At the Family Research Council, Perry worked on opposition to the Common Core State Standards, a set of standards for math and English teaching used in most states. On the organization's podcast, she interviewed and praised personalities such as right-wing provocateur James O'Keefe, whose group Project Veritas most recently falsely claimed to have evidence that Rep. Ilhan Omar (D-Minn.) Committed electoral fraud. She also criticized children's shows like The Babysitters Club for including transgender characters.
In early 2020, under former chairman Ken Marcus, OCR dissolved the employee-led diversity and inclusion and employee engagement boards. The heads of state and government then merged the two councils and selected political candidates as new chairpersons in addition to the Agency's deputy deputy chief secretary, who is the permanent chairman of the group.
Angela Morabito, a spokeswoman for the Ministry of Education, said that "Diversity and inclusion remain a top priority for the leadership of OCR, which is why the Diversity and Inclusion Council is led by two senior leaders."
In addition to Perry, Don Salo, who received the Army Secretary's Award for Diversity and Inclusion 2016 according to Morabito, is also co-chair.
Participation in the committees was previously open to all employees, but is now limited to representatives who are usually approved by regional management. While the decision to revise the committees was presented as a decision designed to make them broader and more strategic, some staff saw it as a backlash against councils that recently opposed new practices.

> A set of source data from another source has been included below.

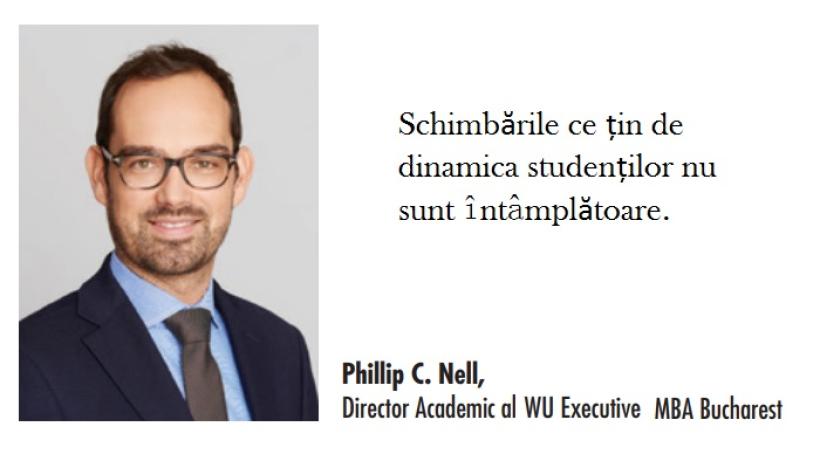 „În ultimii doi ani, corelați cu pandemia de COVID-19, ne-am bucurat de un număr-record de participanți în cadrul programului WU EMBA Bucharest și am asistat la o creștere a mediei de vârstă a acestora. Schimbările ce țin de dinamica studenților nu sunt întâmplătoare. Acestea indică nevoia managerilor cu experiență de a-și actualiza cunoștințele, pentru a putea aborda cu succes noile provocări ale mediului global de business, cum ar fi procesul de transformare digitală sau întreruperile din lanțul de aprovizionare. Programul nostru de Executive MBA este special conceput pentru a răspunde provocărilor reale cu care managerii se confruntă în industrii și funcții de business solicitante, oferindu-le ocazia de a implementa la locul de muncă instrumentele și cunoștințele noi de management dobândite la cursuri. Programul furnizează studenților toate abilitățile necesare pentru ca aceștia să-și maximizeze potențialul de a deveni lideri de talie mondială.” - Phillip C. Nell, Director Academic al WU Executive MBA Bucharest.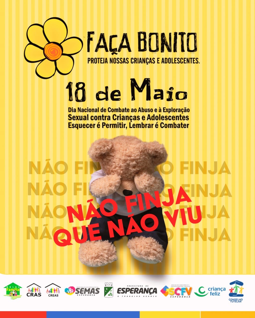 “Não finja que não viu” é um tema que visa combater o silêncio de quem presencia tais atos e não denuncia.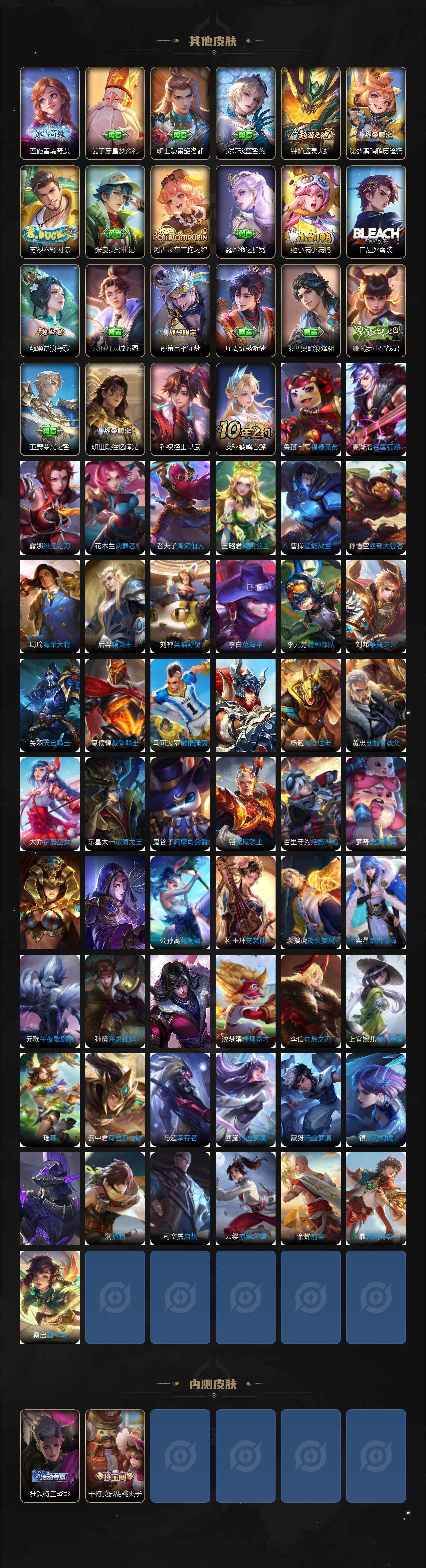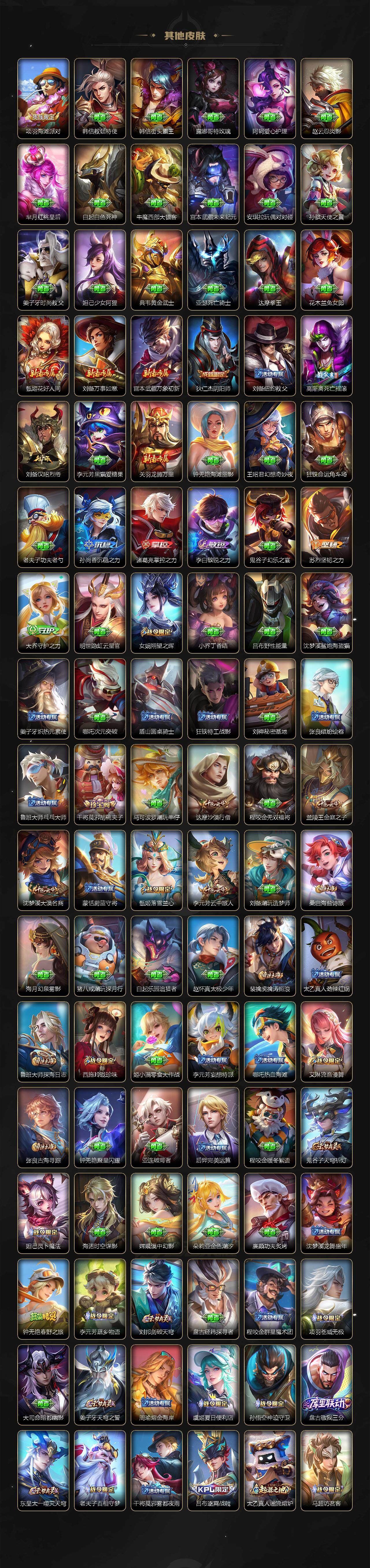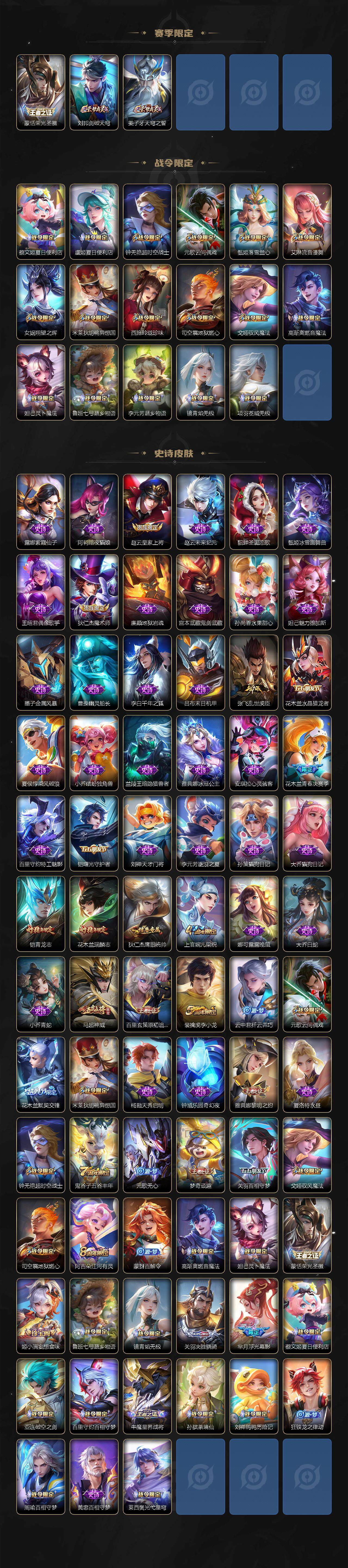 【限定皮肤】:蔡文姬夏日便利店,虞姬夏日便利店,姜子牙天穹之誓,狄仁杰阴阳师,赵云皇家上将,高渐离死亡摇滚,钟无艳超时空战士,元歌云间偶戏,元歌无心,甄姬落雪兰心,狄仁杰魔术师,达摩沙漠行僧,项羽海滩派对,关羽百相守梦,兰陵王金庭之子,花木兰青春决赛季,花木兰瑞麟志,花木兰默契交锋,花木兰燃星之曲,李元芳云中旅人,虞姬启明星使,女娲朔望之晖,干将莫邪胡桃夹子,雅典娜黎明之约,鬼谷子五谷丰年,铠青龙志,百里玄策原初追逐者,梦奇顽趣,沈梦溪大漠名商,裴擒虎李小龙,裴擒虎擒涛扼浪,米莱狄胡桃异想国,云中君纤云弄巧,上官婉儿梁祝,曜山海苍雷引,西施玲珑珍味,鲁班大师探海日志,桑启海盐诗旅,戈娅驭风魔法,艾琳流音漫舞,司空震地狱燃心,阿古朵江河有灵,张良古海寻踪,蒙犽百解令,蒙恬荣光圣徽,高渐离燃音魔法,妲己灵卜魔法,鬼谷子天穹祈灯,马超琥珀纪元,姬小满妄想食味,孙策乘龙淬吴钩,沈梦溪龙舞盛年,鲁班七号蔬乡物语,李元芳蔬乡物语,刘邦剑破天穹,程咬金群星魔术团,关羽决胜骁骑,镜青焰无极,项羽苍威无极,芈月浮光幕影,周瑜熔金海岸

The committees serve to promote diversity and provide feedback to management. However, according to three current and former employees, the idea that the headquarters controlled committee could now perform such tasks is ridiculous. One told HuffPost that "it seems like a decision not to make OCR a better and more diverse place" and to further disempower workers. Another employee who said he was unhappy and concerned about the changes noted, there are others who seem relatively satisfied and seem to like Perry.
In a 2019 survey of OCR employees administered by the Human Resources Bureau and conducted by HuffPost, 60% of respondents said they did not believe their organization's leaders maintain high levels of integrity. (An Education Department official found that only 65% ​​of OCR workers took the voluntary survey, only half of respondents answered this particular question, and the term "leader" was undefined and could be interpreted as representing a number of different roles .)
In September, the Ministry of Education released internal guidelines to eradicate any diversity training that might discuss the concept of white privilege or suggest that "virtually all whites contribute to or benefit from racism," Politico reported for the first time. The guidelines are in line with an administrative policy on the matter and mean that employee activities such as book clubs could be scrutinized.
The new guidelines could prove particularly cumbersome for Civil Rights Office staff as they regularly recommend that school districts being screened for racial issues conduct implicit bias training. OCR staff may now need to recommend training for schools that they are not allowed to attend themselves.